Details
-
Bug
-
Status: Closed
-
Minor
-
Resolution: Fixed
-
0.5.0
-
None
Description
tokenize_ja failed to analyze certain Japanese strings and outputed below error.
java.lang.ArrayIndexOutOfBoundsException: -1
at org.apache.lucene.analysis.ja.JapaneseTokenizer.backtrace(JapaneseTokenizer.java:1024)
at org.apache.lucene.analysis.ja.JapaneseTokenizer.parse(JapaneseTokenizer.java:873)
at org.apache.lucene.analysis.ja.JapaneseTokenizer.incrementToken(JapaneseTokenizer.java:474)
at org.apache.lucene.analysis.ja.JapaneseBaseFormFilter.incrementToken(JapaneseBaseFormFilter.java:50)
at org.apache.lucene.analysis.util.FilteringTokenFilter.incrementToken(FilteringTokenFilter.java:51)

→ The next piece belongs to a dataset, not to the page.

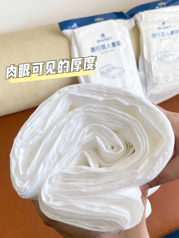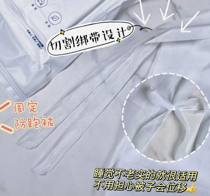 这款一次性床品采用SMS无纺布,面料亲肤细腻,摸起来柔柔韧韧,超级舒服。

at org.apache.lucene.analysis.cjk.CJKWidthFilter.incrementToken(CJKWidthFilter.java:63)
at org.apache.lucene.analysis.util.FilteringTokenFilter.incrementToken(FilteringTokenFilter.java:51)
at org.apache.lucene.analysis.ja.JapaneseKatakanaStemFilter.incrementToken(JapaneseKatakanaStemFilter.java:63)
at org.apache.lucene.analysis.core.LowerCaseFilter.incrementToken(LowerCaseFilter.java:45)
at hivemall.nlp.tokenizer.KuromojiUDF.analyzeTokens(KuromojiUDF.java:292)
at hivemall.nlp.tokenizer.KuromojiUDF.evaluate(KuromojiUDF.java:117)
This cause is LUCENE-7279 which has already fixed. Lucene need to be upgraded.
Affected versions are not only v0.5.0 but also v0.4.2.